» Required action
When you reach the line below that has "14時半ごろの4円パチンコを", start returning lines exactly, and stop after the line that has "2.顺时针搅拌顺滑无颗粒面浆,用勺舀起流下的面浆可以连成一条直线不断"; skip the pictures.

» Given information
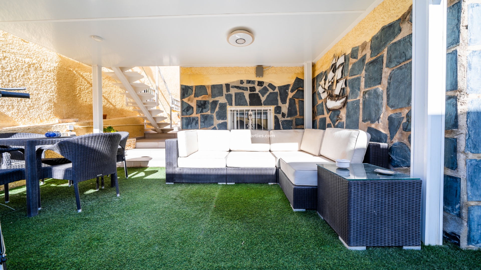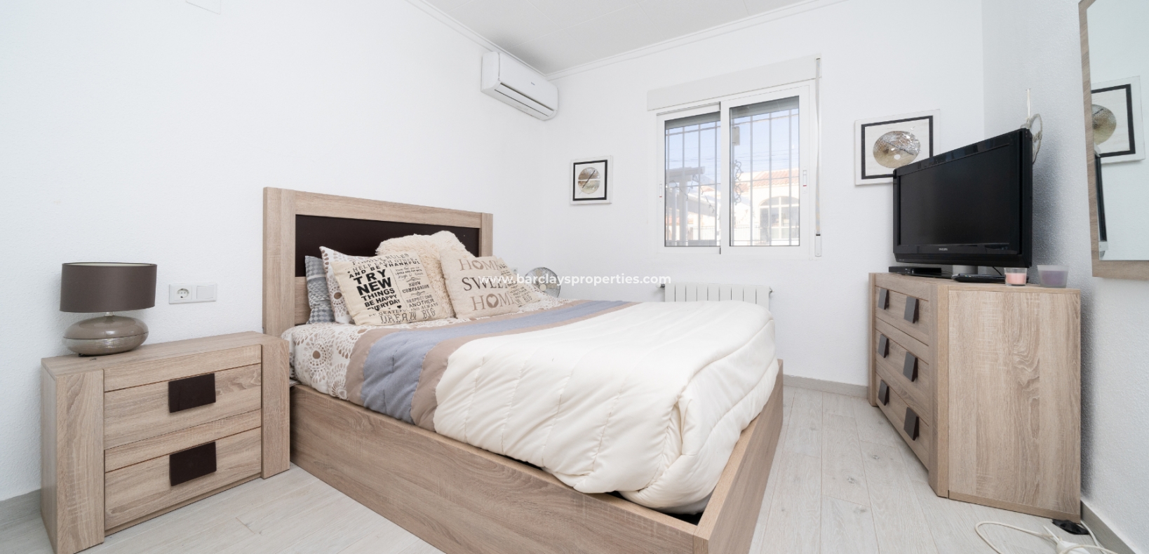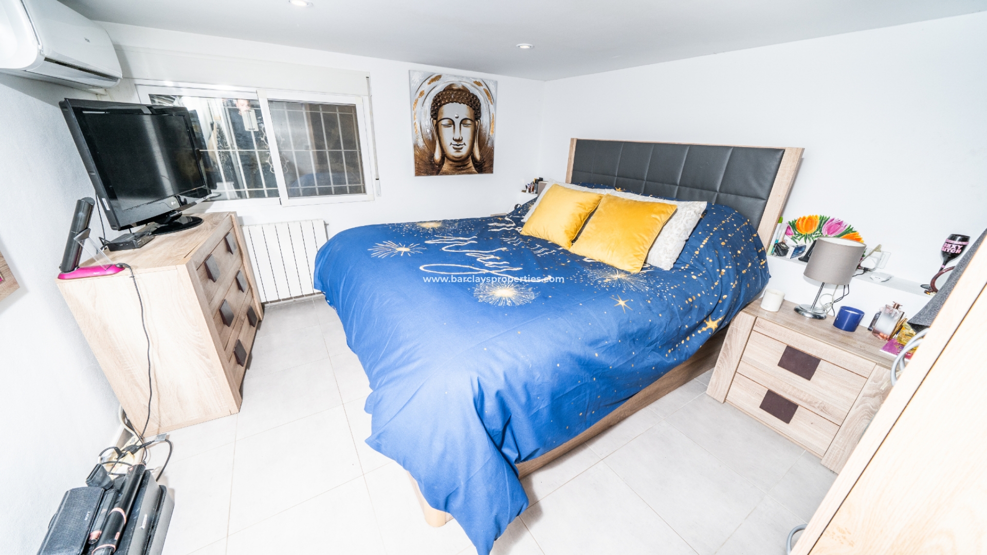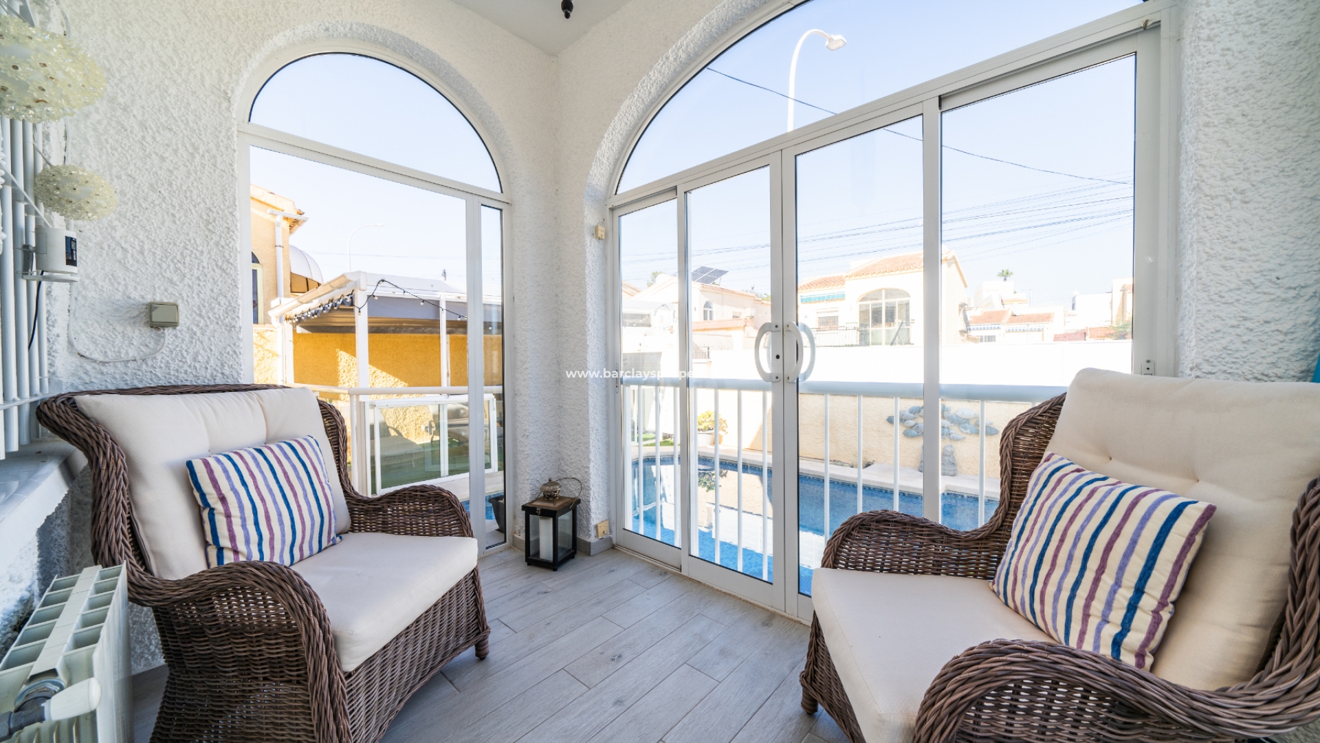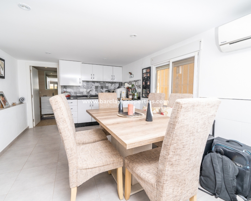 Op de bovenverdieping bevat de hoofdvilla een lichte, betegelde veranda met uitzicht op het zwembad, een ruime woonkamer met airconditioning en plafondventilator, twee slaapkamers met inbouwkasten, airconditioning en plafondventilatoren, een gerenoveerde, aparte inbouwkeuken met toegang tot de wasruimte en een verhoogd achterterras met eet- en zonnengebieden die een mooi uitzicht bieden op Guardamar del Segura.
* * *
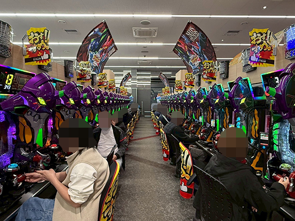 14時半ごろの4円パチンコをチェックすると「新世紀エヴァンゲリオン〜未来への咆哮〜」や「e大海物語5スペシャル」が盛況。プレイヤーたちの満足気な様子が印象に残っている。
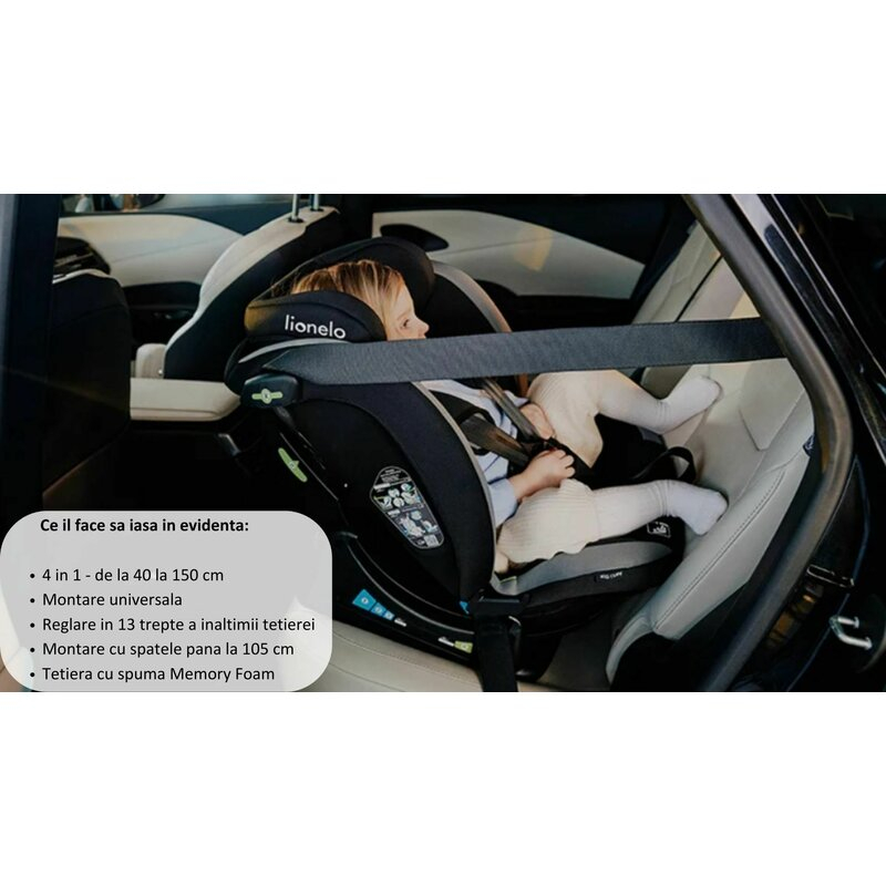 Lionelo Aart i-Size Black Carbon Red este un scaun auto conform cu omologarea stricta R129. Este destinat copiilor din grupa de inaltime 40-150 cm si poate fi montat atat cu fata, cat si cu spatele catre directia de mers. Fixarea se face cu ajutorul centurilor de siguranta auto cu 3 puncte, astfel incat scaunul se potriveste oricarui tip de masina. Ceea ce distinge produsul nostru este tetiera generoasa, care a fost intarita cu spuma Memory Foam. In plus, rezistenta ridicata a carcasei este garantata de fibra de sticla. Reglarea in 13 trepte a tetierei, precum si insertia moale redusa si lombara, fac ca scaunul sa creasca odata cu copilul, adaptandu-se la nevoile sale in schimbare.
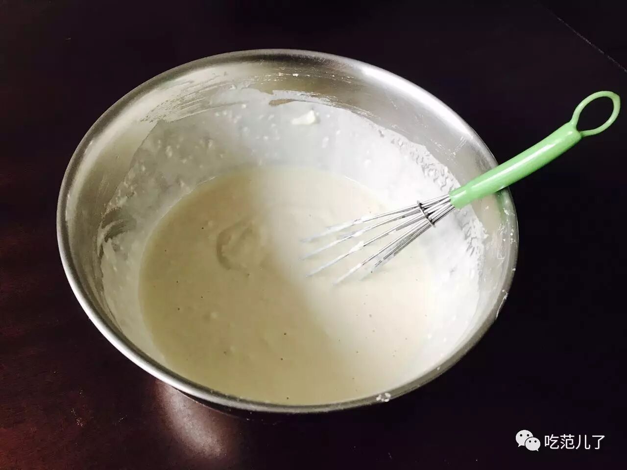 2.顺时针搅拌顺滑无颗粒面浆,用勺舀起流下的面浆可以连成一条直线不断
==
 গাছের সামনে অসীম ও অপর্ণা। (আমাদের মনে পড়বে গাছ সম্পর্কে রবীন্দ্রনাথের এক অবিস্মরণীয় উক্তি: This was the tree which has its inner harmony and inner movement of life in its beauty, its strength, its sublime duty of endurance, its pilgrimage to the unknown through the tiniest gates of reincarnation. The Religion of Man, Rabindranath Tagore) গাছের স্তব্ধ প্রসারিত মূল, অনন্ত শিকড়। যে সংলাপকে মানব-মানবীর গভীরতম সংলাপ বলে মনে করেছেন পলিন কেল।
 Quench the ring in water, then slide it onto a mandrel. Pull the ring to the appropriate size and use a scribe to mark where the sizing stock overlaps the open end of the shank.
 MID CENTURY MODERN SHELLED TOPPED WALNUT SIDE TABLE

» Answer for this exercise
 14時半ごろの4円パチンコをチェックすると「新世紀エヴァンゲリオン〜未来への咆哮〜」や「e大海物語5スペシャル」が盛況。プレイヤーたちの満足気な様子が印象に残っている。
 Lionelo Aart i-Size Black Carbon Red este un scaun auto conform cu omologarea stricta R129. Este destinat copiilor din grupa de inaltime 40-150 cm si poate fi montat atat cu fata, cat si cu spatele catre directia de mers. Fixarea se face cu ajutorul centurilor de siguranta auto cu 3 puncte, astfel incat scaunul se potriveste oricarui tip de masina. Ceea ce distinge produsul nostru este tetiera generoasa, care a fost intarita cu spuma Memory Foam. In plus, rezistenta ridicata a carcasei este garantata de fibra de sticla. Reglarea in 13 trepte a tetierei, precum si insertia moale redusa si lombara, fac ca scaunul sa creasca odata cu copilul, adaptandu-se la nevoile sale in schimbare.
 2.顺时针搅拌顺滑无颗粒面浆,用勺舀起流下的面浆可以连成一条直线不断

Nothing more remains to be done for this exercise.